STEMdiff™ Neural Induction Mediumを使用して産生されたNPCは機能的であり、成熟したニューロンやグリア細胞への分化も可能です。この手法を用いて生成されたNPCの使用可能アプリケーションのより詳細な情報については、パンフレット(hPSC-DELIVED NEURAL CELLS)をご参照ください。
モノレイヤー(単層培養)法:
STEMdiff™ Neural Induction MediumとSTEMdiff™ SMADi Neural Induction Kit を単層培養ベースの神経系誘導プロトコールで用いる際のヒントについては、技術ヒント(Neural Induction for Human Pluripotent Stem Cells (hPSCs) using Monolayer Culture)をご参照ください。

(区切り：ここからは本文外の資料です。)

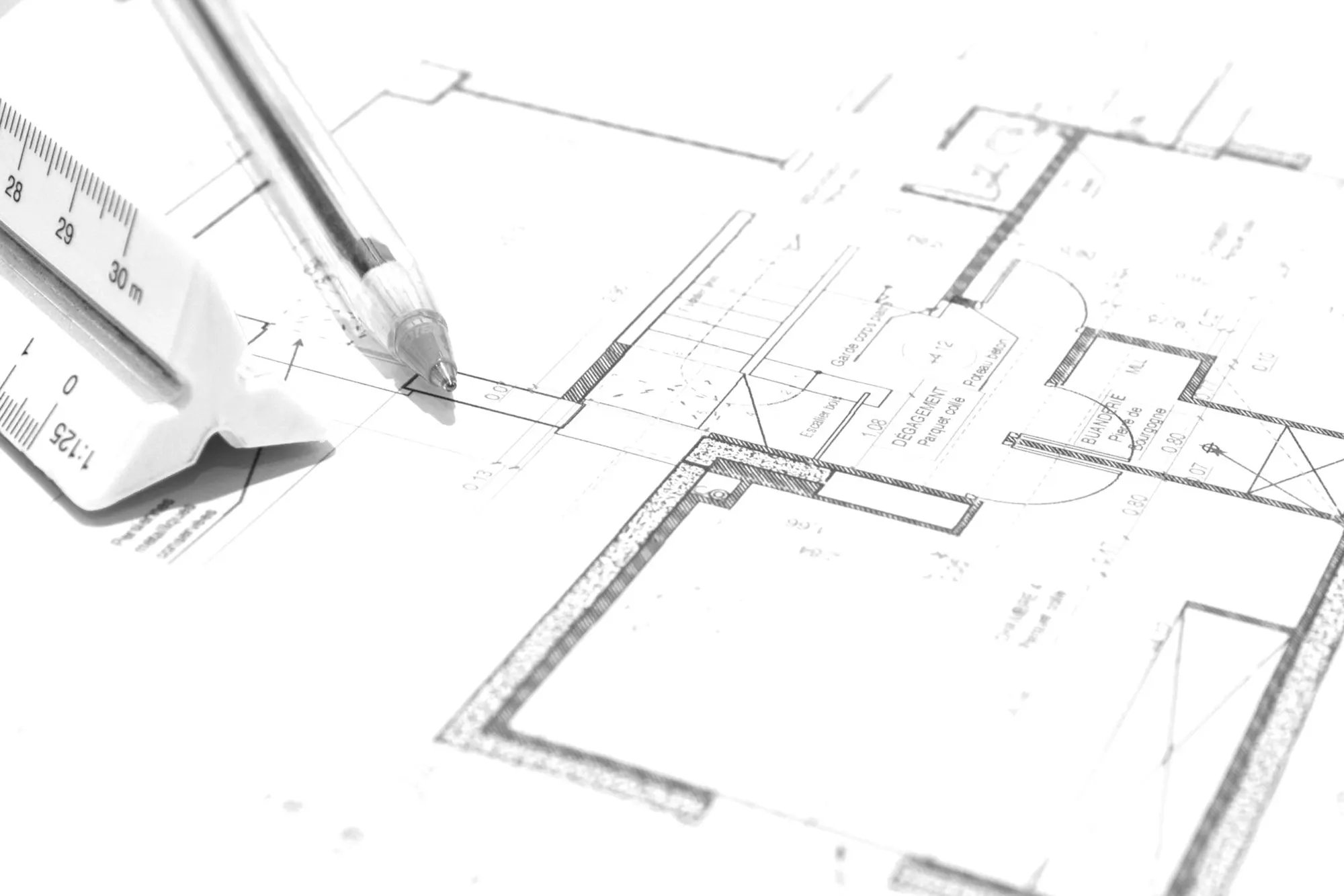 Tout d’abord, nous dressons des plans au 1/100e, de chaque étage.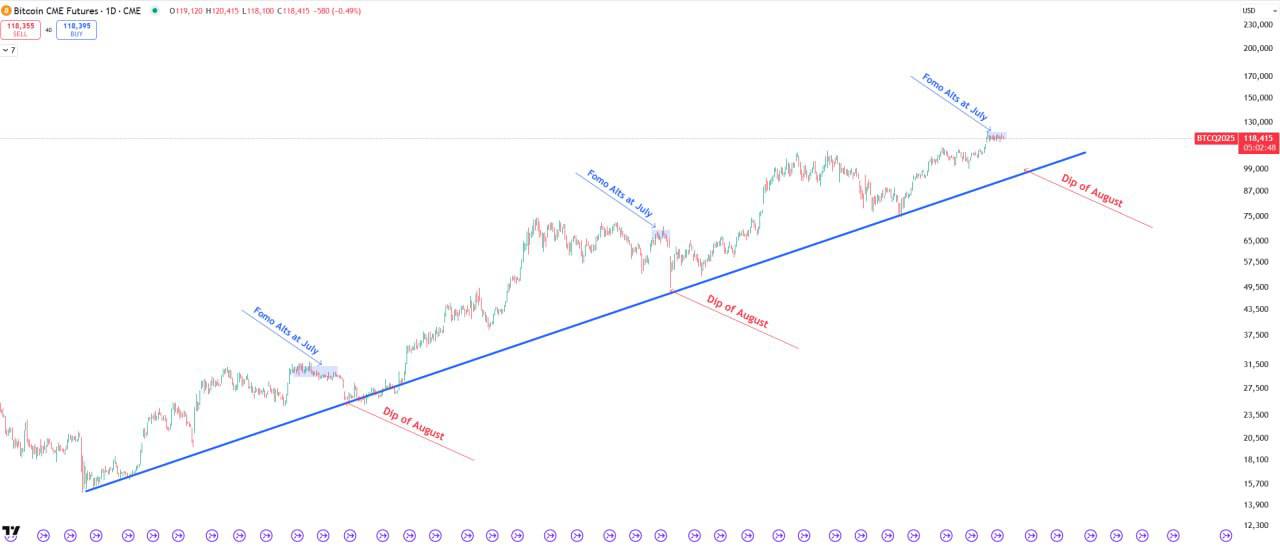 **Судя по статистике, каждый раз после локального **роста в июне - июле и фомо, **мы видели dip по альте в **августе **🙈, и это повторяется **3 года подряд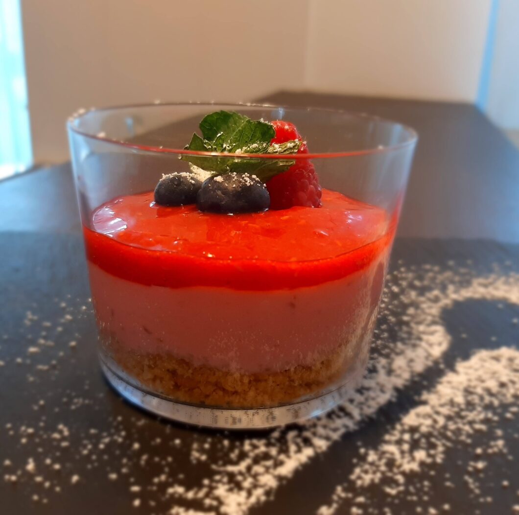 - prima di servire terminate versando la crema di lamponi che avete tenuto da parte (quella senza mascarpone) creando così l’ultimo strato;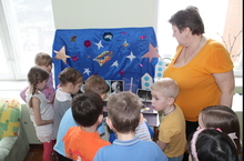Сегодня у нас прошли мероприятия, посвященные Дню космонавтики. Целью стало формирование познавательного интереса детей к истории космонавтики.
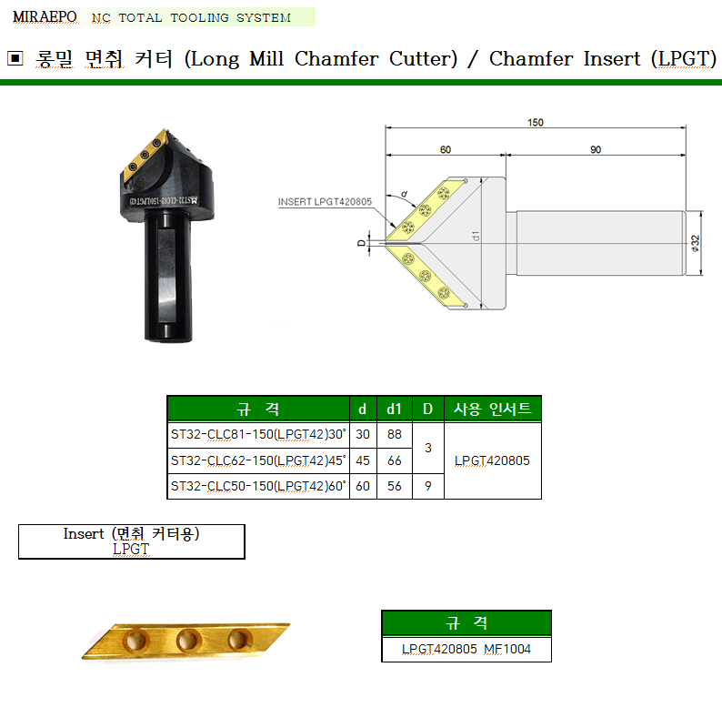 ·Õ¹Ð ¸éÃë Ä¿ÅÍ (Long Mill Chamfer Cutter) LPGT(ÀμƮ) Á¦Ç°Ãß°¡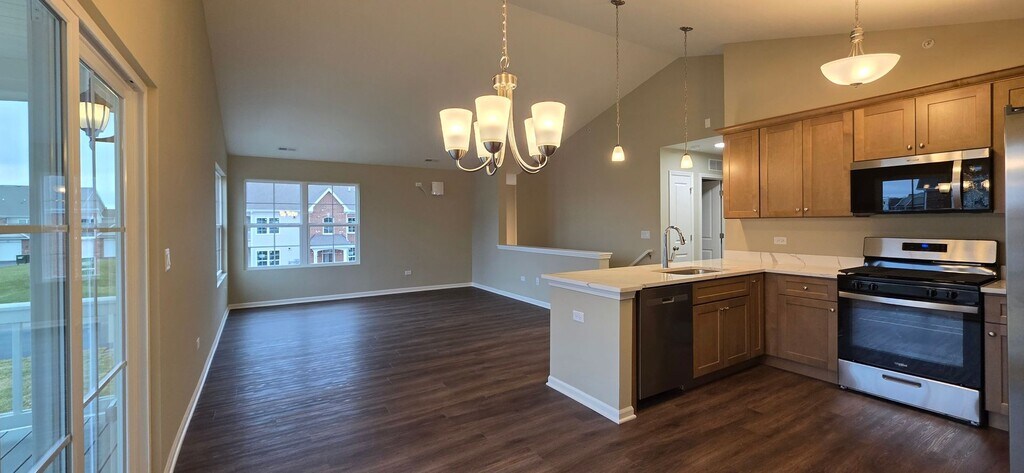 Luxury Apartment Home with private entrance. Featuring 2 Bedrooms and 2 Bathrooms with enormous closet space. End unit with plenty of light and cathedral ceilings. Modern cabinets with soft closed doors and drawers throughout the home including stainless steel appliances. Full size washer and dryer Included. 1 Car Garage available. Easy Access to Major Highways. Plenty of Shopping and Dining Near By! Pets welcome; subject to Pet screening. New Construction (Please note availability is dependent upon building completion and subject to final occupancy approval. Move-in dates subject to change.)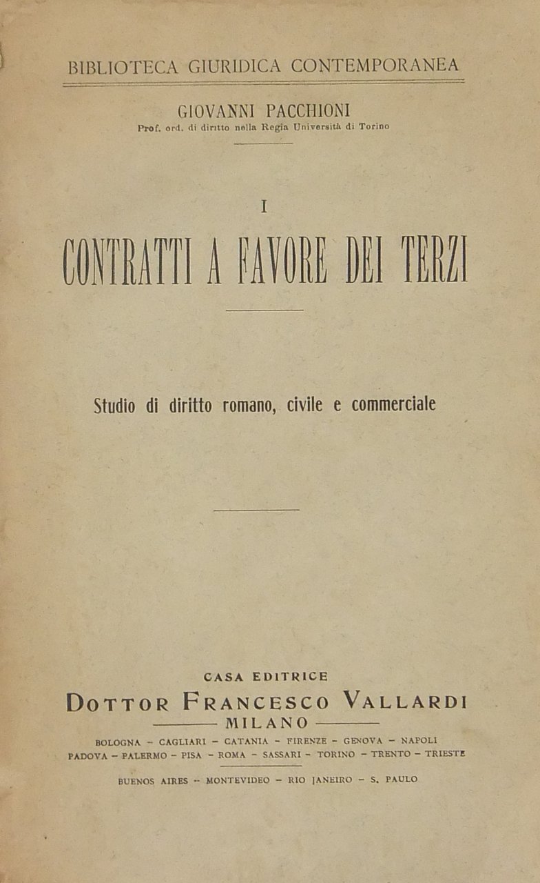 I contratti a favore di terzi. Studio di diritto romano, civile e commerciale | Libri antichi e moderni | Pacchioni Giovanni (1867-1946)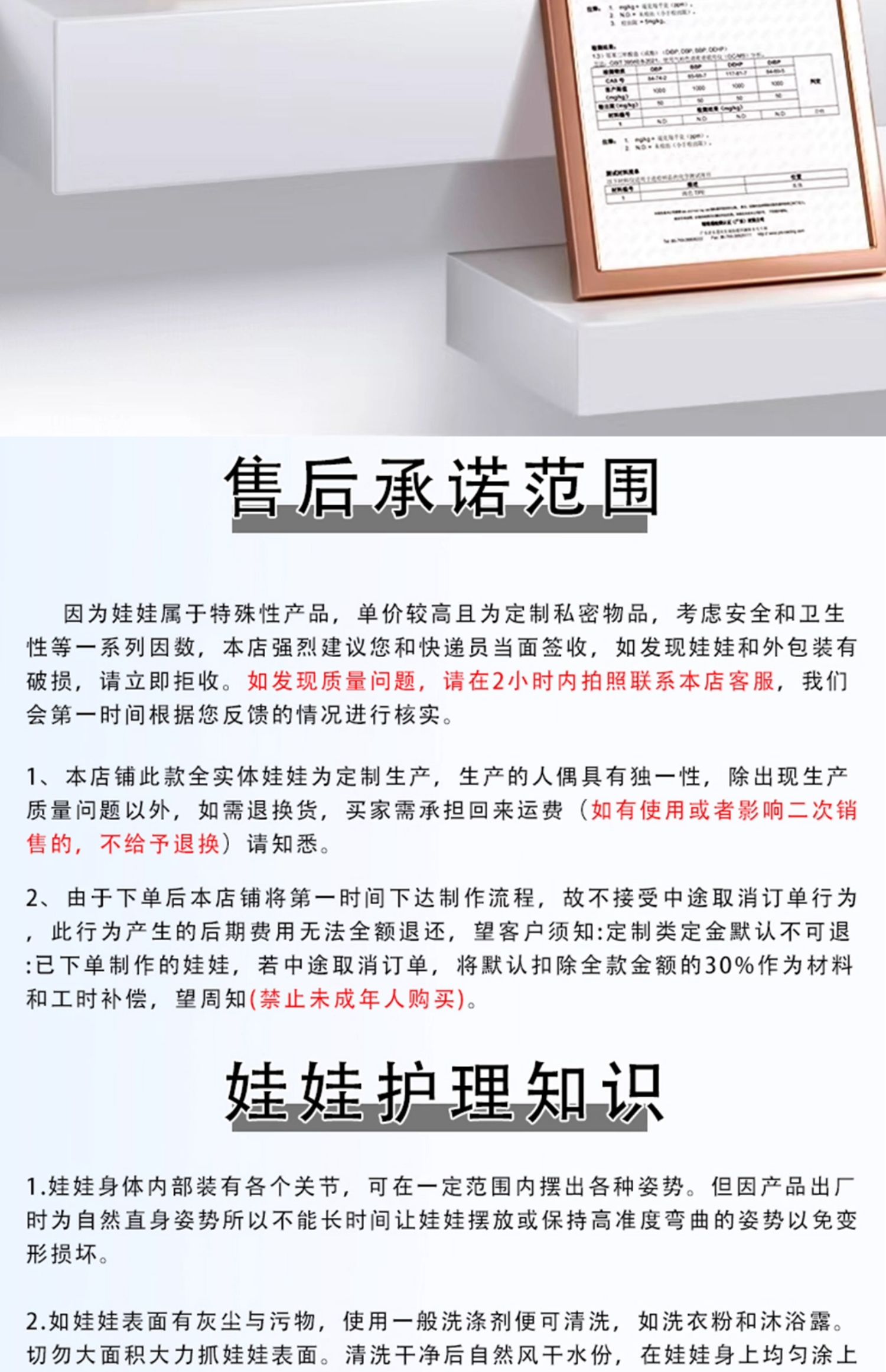 我们的娃娃全部都是硬骨骨架的娃娃,网络上面400元左右1米身高的实体娃娃,骨架都是软的,制作的材料都是回收的二手材料。娃娃是个人私密用品,用这种有毒材质的娃娃,您真的敢用吗?我们工厂生产的娃娃,使用的都是进口医用级别材料,都有安全质检报告的,可以放心安全使用,您可以向我们索取质检报告!

モノレイヤー法は6-9日間でPAX6陽性のNPCが得られる迅速でシンプルな手法ですが、神経系誘導の評価にはマーカー分子の発現を確認することが必須です(細胞形態は必ずしも信頼性ある指標とはならない場合があります)。EB法は文献記録が充実している堅牢なプロトコールであり、神経ロゼット形成を視覚的に評価することも可能です。EB法ではまた、様々な細胞が混在しているNPC培養系から神経ロゼットを選択して「扁平な」神経堤細胞を排除することで、CNSタイプのNPCを効率的に濃縮することが可能です。